The most surprising data was Opus 4.8.[^opus] It is not a Codex model, yet it nails `patch` first try consistently. There are no official sources (that I could find) mentioning whether Opus 4.8 was deliberately fine-tuned to V4A or if this was just incidental exposure (since V4A is publicly documented), only that it didn't come from the prompt.

## Hashline: Narrow Use Case

Lastly, `hashline` is the one I most wanted to like, because its whole pitch is about how weaker models can stand to gain the most from it. However, for the weaker/smaller models like DeepSeek V4 Flash and Qwen 3.6 35B, the pass rates are a few percentage points short of the 100% they get from just using `replace`.

The one metric where `hashline` ever edges `replace` is output tokens, and even that only holds on some models. However, it trades slightly fewer output tokens for disproportionately more input tokens. Across all five models, the dollar cost of that trade still favours `replace` over `hashline`.

```chart
{
  "title": "Average cost of hashline per model",
  "subtitle": "Relative to replace tool",
  "groups": ["GPT 5.5", "Opus 4.8", "Gemini 3.5 Flash", "DeepSeek V4 Flash", "Qwen 3.6 35B"],
  "series": [
    {"name": "input tokens",  "color": "#f9a8d4", "values": [1.58, 2.52, 1.26, 1.50, 1.58]},
    {"name": "output tokens", "color": "#5eead4", "values": [0.74, 1.08, 0.93, 0.93, 1.06]},
    {"name": "dollar cost",   "color": "#fcd34d", "values": [1.08, 1.09, 1.16, 1.25, 1.38]}
  ],
  "y": {"max": 2.7, "ticks": [0, 0.5, 1, 1.5, 2, 2.5]},
  "rule": 1,
  "labels": {"decimals": 2, "suffix": "×"}
}
```

This tradeoff happens because every read call injects the hash anchors, and every edit changes the anchors again, even if the line numbers didn't. In an agentic loop, an agent must run a `read ➝ edit ➝ read ➝ edit` cycle to make multiple sequential edits to a file.
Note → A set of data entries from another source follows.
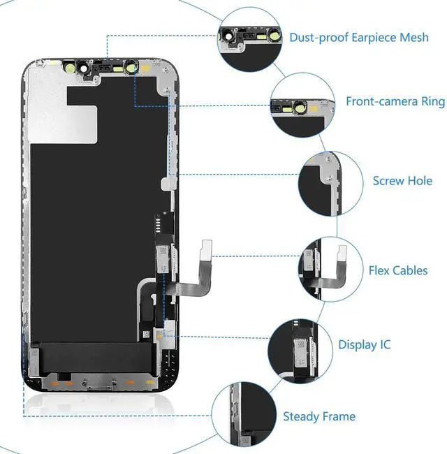 KIND NOTE: this iPhone 12/12 Pro LCD screen came with the back metal plate and camera holder, but DOESN'T INCLUDE the front camera, ear-speaker and sensors, you have to transfer them from your original screen.
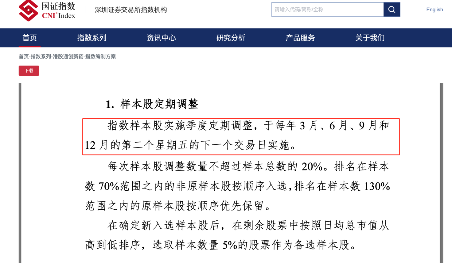 这是由国证指数发布的“港股通创新药指数”,为反映港股通范围内创新药领域上市公司的运行特征。该指数的编制方案显示,成分股每季度调整一次,分别在3月、6月、9月和12月的第二个星期五的下一个交易日执行——正是在9月15日这次定期调整中,药捷安康被新纳入指数。
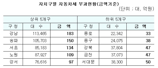 이번 제2기분 자동차세의 부과 금액은 강남구, 송파구, 서초구, 노원구 순으로 많았고 종로구, 중구, 강북구, 금천구 순으로 적었으며 강남구의 경우는 11만 3000대 183억 원이 부과된 반면 종로구의 경우는 2만 2000대 33억 원이 부과됐다.
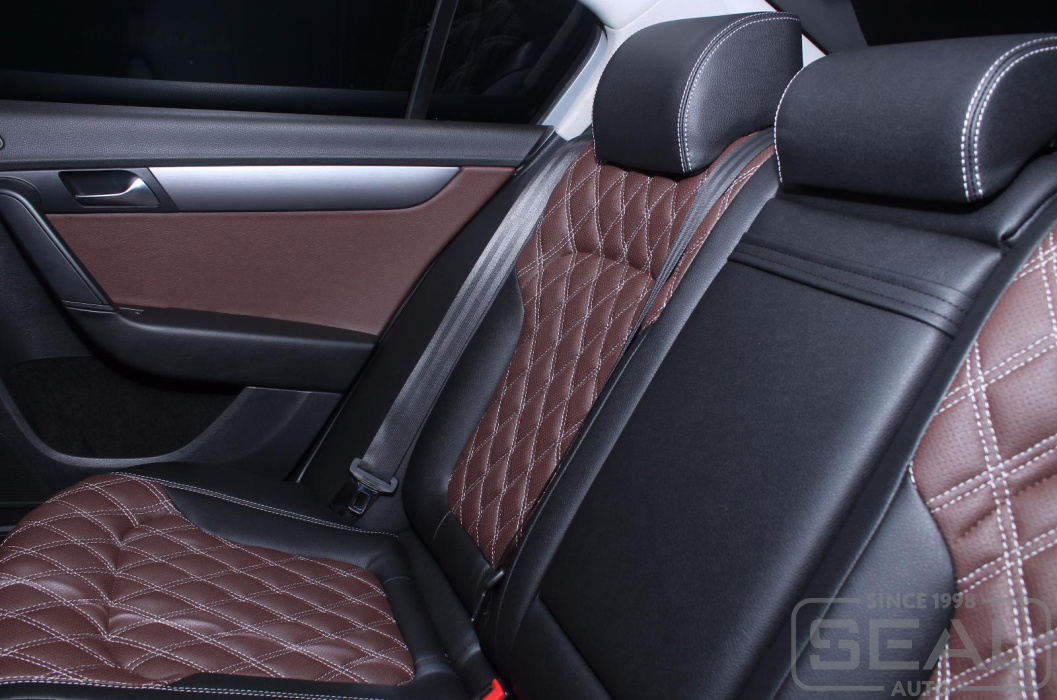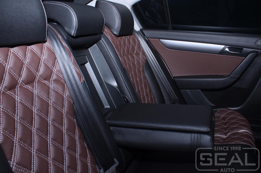 Перетяжка кожей сидений, всех подголовников и переднего подлокотника - 82.000 рублей.
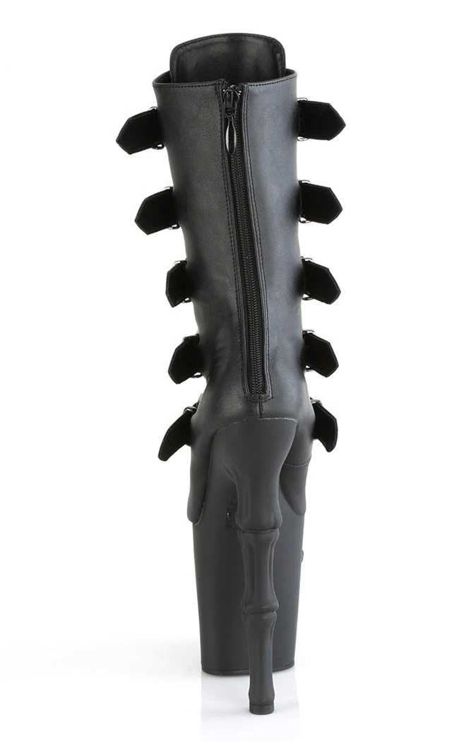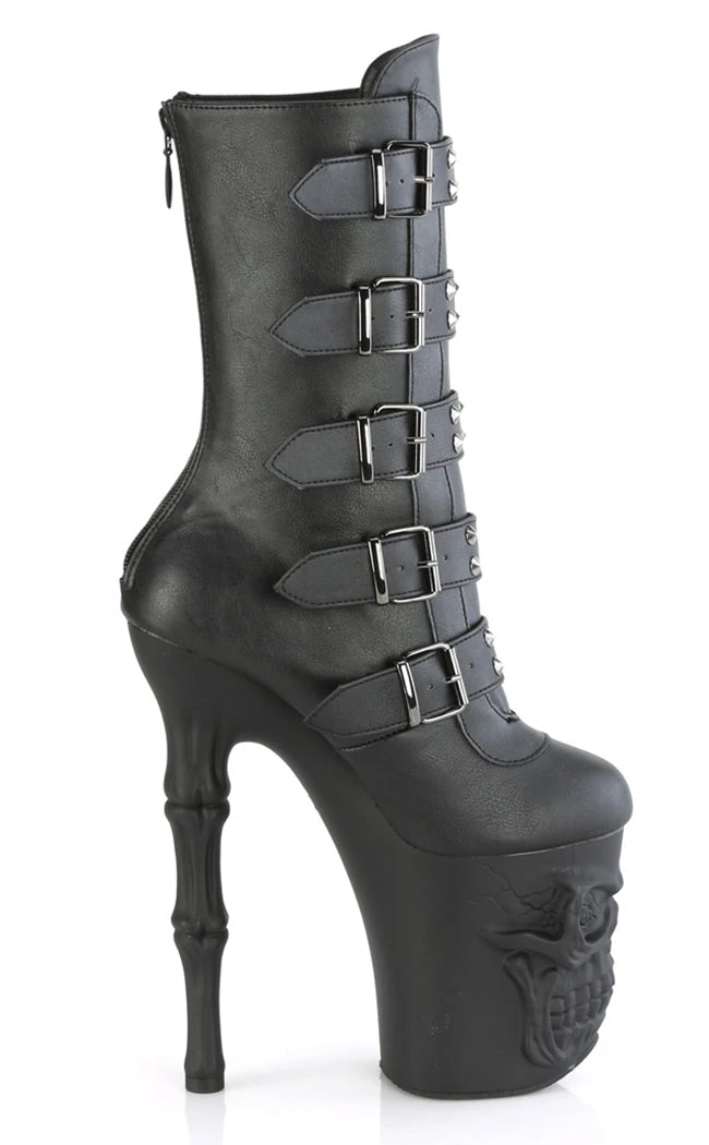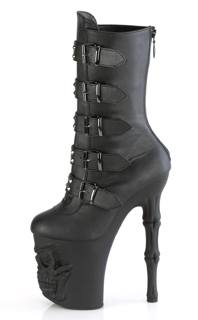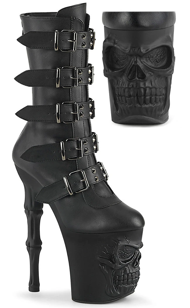 Become yer own reaper in the RAPTURE-1052BK boots! These boots feature a black matte upper that secures with 5 studded buckles and a rear zip. The platforms are the real showstopper, featuring a grinning skull and fingerbone heel in a matte black finish.

Where hashline's design genuinely pays off seems to be high edit density: amortising the anchor tax of a single read across many compact edits. On exactly that [kind of task](https://github.com/AaronCQL/pim-agent/tree/main/benchmarks/edit/tasks/many-field-edits), it can be the cheapest tool. However, this is a very narrow use case, and the costs seem lower only for GPT 5.5 and Opus 4.8, with the rest still incurring higher dollar costs.

```chart
{
  "title": "Average cost of hashline on a high edit-density trial",
  "subtitle": "Relative to replace tool",
  "groups": ["GPT 5.5", "Opus 4.8", "Gemini 3.5 Flash", "DeepSeek V4 Flash", "Qwen 3.6 35B"],
  "series": [
    {"name": "input tokens",  "color": "#f9a8d4", "values": [1.55, 1.78, 1.07, 2.00, 1.40]},
    {"name": "output tokens", "color": "#5eead4", "values": [0.34, 0.52, 1.15, 0.57, 0.84]},
    {"name": "dollar cost",   "color": "#fcd34d", "values": [0.78, 0.80, 1.10, 1.08, 1.13]}
  ],
  "y": {"max": 2.2, "ticks": [0, 0.5, 1, 1.5, 2]},
  "rule": 1,
  "labels": {"decimals": 2, "suffix": "×"}
}
```

## There Is No Best Edit Tool

To conclude, the "best" edit tool really depends on the model and what you are optimising for:

- **`replace` as the sensible default**: especially on weaker or local models. It is the most robust, never spirals, and stays cheap.
- **`patch` if (and only if) the model was trained on it**: on Codex models (and apparently on Claude), it is first-try clean and the lowest cost. On anything else, it ranges from expensive to downright catastrophic.
- **`hashline` when edit density is high enough to amortise the anchor tax**: it can reduce output tokens, but usually at the cost of significantly more input tokens over a long agentic workflow.

[^data]: All charts are computed from the [raw per-trial results](https://github.com/AaronCQL/pim-agent/tree/main/benchmarks/edit/results/r1).

[^qwen]: Token prices for Qwen 3.6 35B uses OpenRouter's rate of $0.14/M input and $1/M output.

[^opus]: Opus 4.7 also has 100% first-call success; 4.6 is where first-call success degrades toward 0%.